Virginia's Academic Library Consortium

This guide has variable layouts and houses the majority of the "sub" pages for VIVA's website.

 

VIVA Anti-Racist Community Framework 


Purpose

 

The purpose of the VIVA Anti-Racist Community Framework is to inspire anti-racist actions and community in Virginia libraries. With the goal of framing safe spaces built on inclusivity, empathy, and active listening, this resource is not exhaustive; rather it is intended to be a living document, subject to update, change, and challenge. It is hoped that it will be an evolving resource developed and refined by the VIVA community.  This “living framework" can be used to facilitate conversation and action.

  • If you have suggestions and additions to the document please email viva@gmu.edu. 

  • If you are interested in future facilitated discussions with the VIVA community centered on anti-racist actions please fill out this form.  

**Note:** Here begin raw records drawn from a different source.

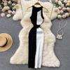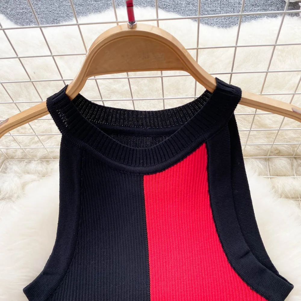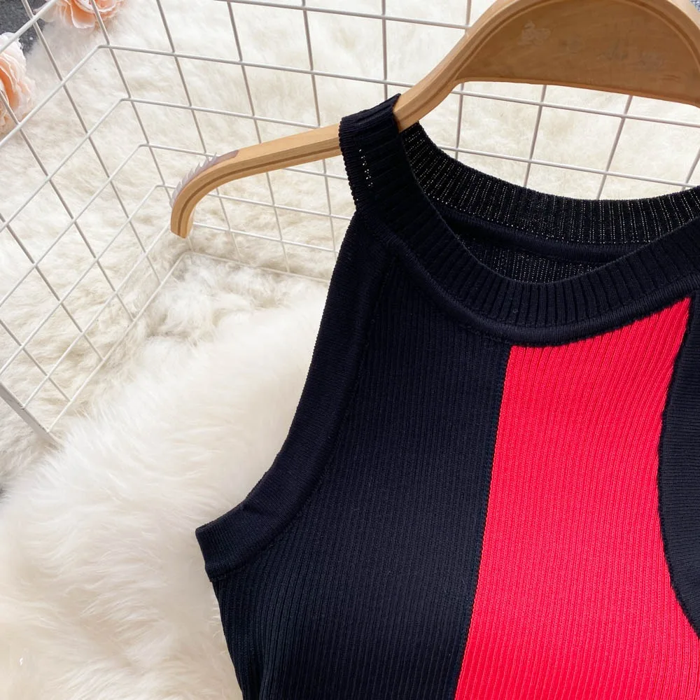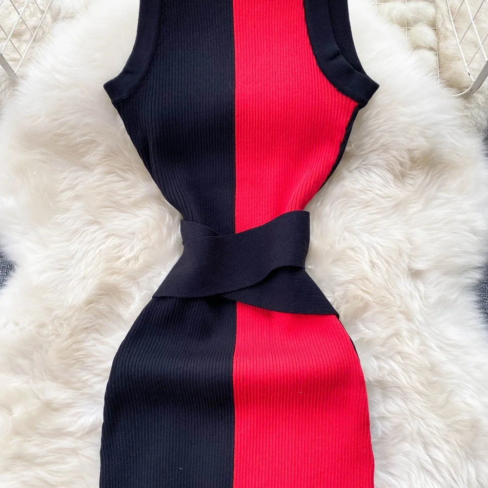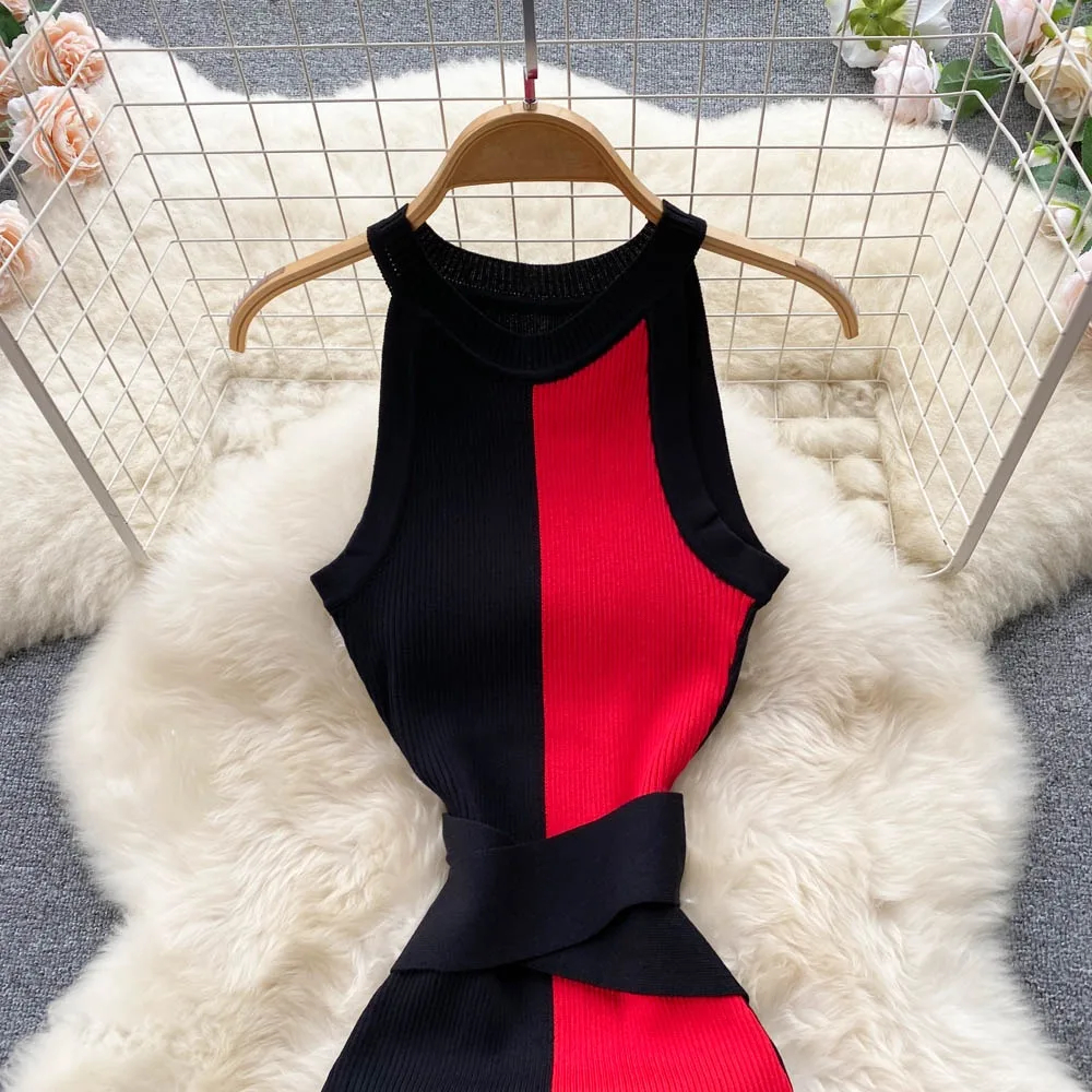 New York’s Fashion Women Dress 2025 Summer Elegant Rib Knit Slim Waist Bandage Pencil Dress Office Lady Sleeveless Bodycon Sweater Dress
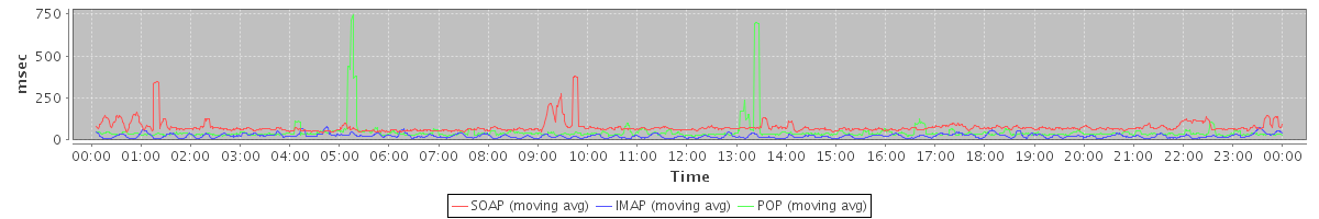 Host zm07.stanford.edu: Mailboxd: Response Time by Client Protocol
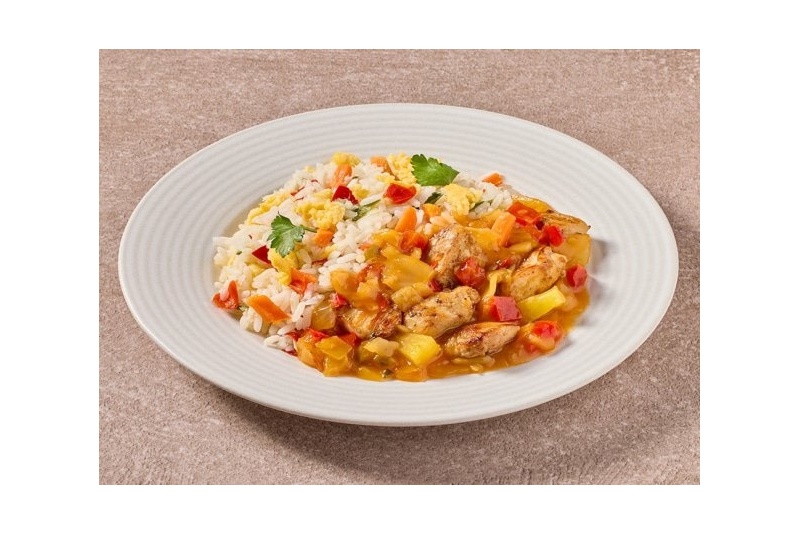Gekookte rijst 34%, groenten 33% (witte kool, rode paprika, prei, uien, wortelen, tomaten), gebakken kip 15% (kip, zout, dextrose), water, omelet (gehele EI, water, koolzaadolie, zetmeel, zout, geconcentreerd citroensap), suiker, ketchup (tomaten, azijn, suiker, zout, extracten van kruiden/specerijen (SELDERIJ), specerijen), plantaardige oliën (zonnebloem, koolzaad, in wisselende verhoudingen), ananassap uit sapconcentraat, gemodificeerd zetmeel, zout, gember, bouillon (zout, natuurlijk aroma, zetmeel, zonnebloemolie, groente-extracten (SELDERIJ, uien, tomaten, wortelen), uienpoeder, knoflook, specerijen), sojasaus (water, SOJAbonen, zout, alcoholazijn), ketjap manis (suiker, water, sojasaus (water, SOJAbonen, TARWE, zout, alcohol), zeezout, alcoholazijn, rode wijnextract), SESAMolie, rijstolie, vissaus (water, VISextract, zout, suiker, alcoholazijn), knoflook, rode chili, sambal (rode chili, zout), alcoholazijn, specerijen.
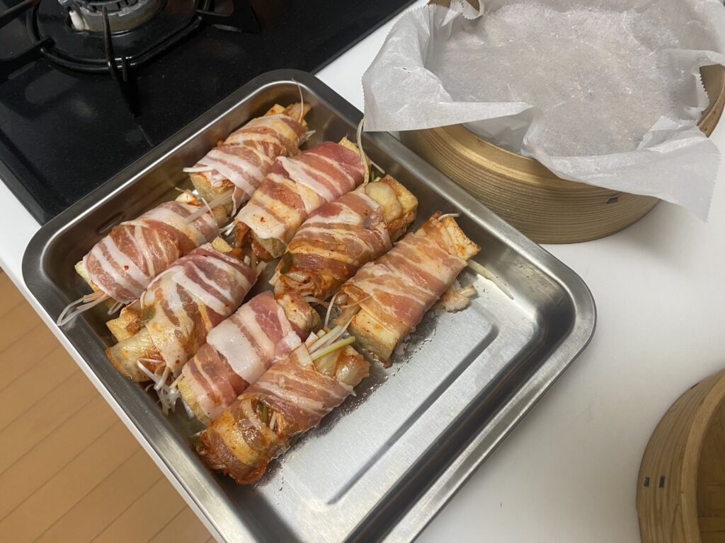 厚揚げにキムチを乗せて豚バラでくるっと。
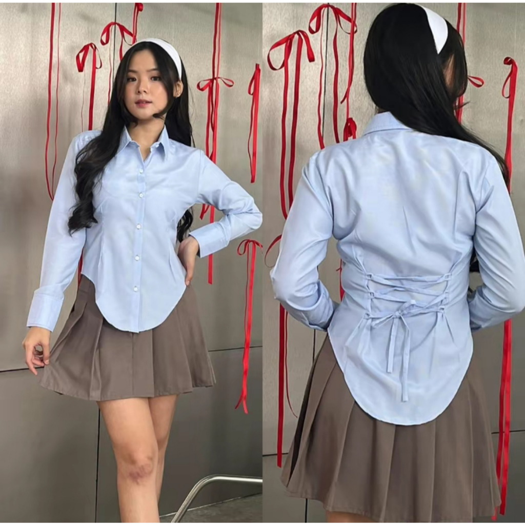 Selena Kemeja Blose wanita Slim Fit Long Sleeve tali belakang
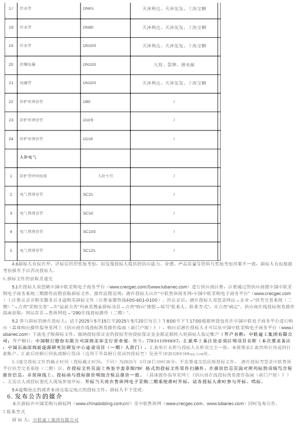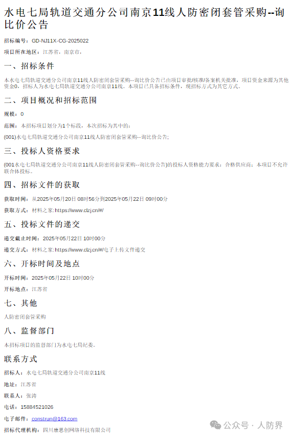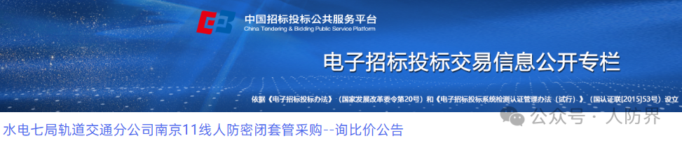 水电七局轨道交通分公司南京11线人防密闭套管采购--询比价公告河南省
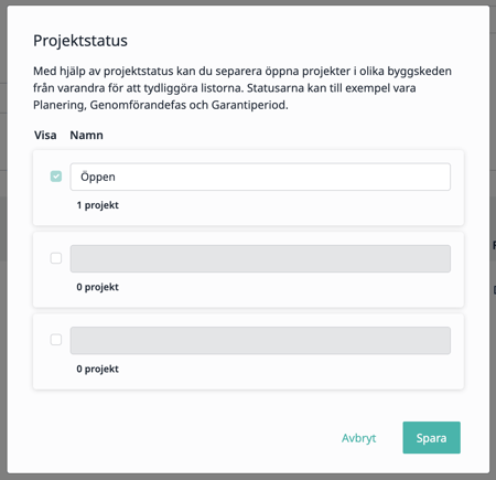 Exempel på statusar kan vara Planering, Genomförandefas och Garantiperiod.
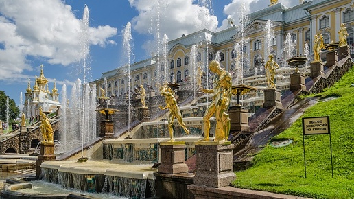 Петергоф — дворцово-парковый ансамбль, расположенный на южном берегу Финского залива, в 29 км от Санкт-Петербурга. Это бывшая летняя резиденция Петра I. Пётр I решил заложить на берегу Финского залива летнюю резиденцию, вдохновляясь Версалем. В 1711 году начались первые строительные работы. 15 августа 1723 года состоялось торжественное открытие Петергофа (в переводе с немецкого — «Петров двор»). К этому времени были построены дворцы, распланирован Нижний парк, прорыт Морской канал, запущена часть фонтанов...
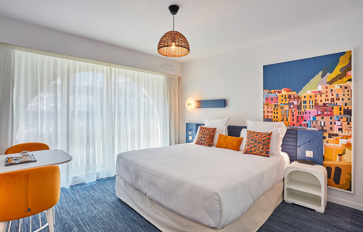 23 m² - obývací pokoj s malým kuchyňským koutem a manželskou postelí či 2 samostatnými lůžky, sociální zařízení se sprchou; výhled na moře
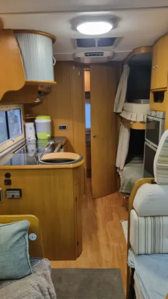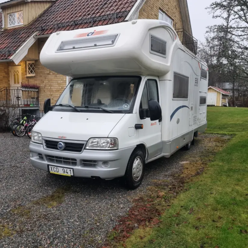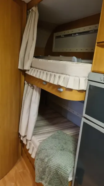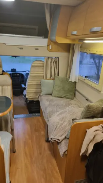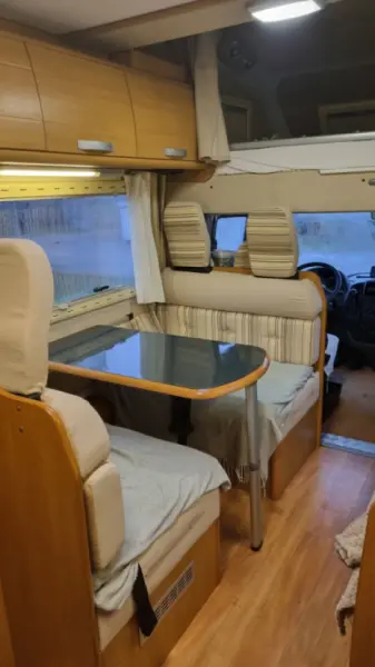 Mit Google-Übersetzer übersetzenUppvärmning på diesel. Stor alkov, våningssäng, nedbäddbar sittgrupp (2 sovplatser) 1 nedbäddbar enkel sittgrupp passande barn. På grund av all utrustning är det lite lastvikt. Tänk på att kanske fylla vattentank när man är på plats. Och inte packa mer än nödvändigt. "Soffan " är även en sittgrupp med bord där två stycken kan sitta.

  • If you would like to anonymously contribute examples of anti-racist actions to be highlighted in this document please use this form .

 

Associated Events

 

The VIVA Anti-Racism Webinar Series covers a broad array of anti-racist topics and approaches with the goal of developing community through conversation, creating spaces where people can talk through anti-racist efforts at their institutions, and providing an avenue for VIVA members to engage with scholars.


 

Breakout Session Example

 

The following breakout session framework is an example of one way to build a conversation at your institution and is loosely based on the 15% solutions used in the Liberating Structures approach as adapted from  “Not Without My Librarian: Developing OER Advocacy & Community” by Heather Blicher, Hillary Miller, and Brenda Smith. It includes time for private rumination, sharing, and feedback. The exercise is focused on identifying one anti-racist action, small or large, that is within your power to take.  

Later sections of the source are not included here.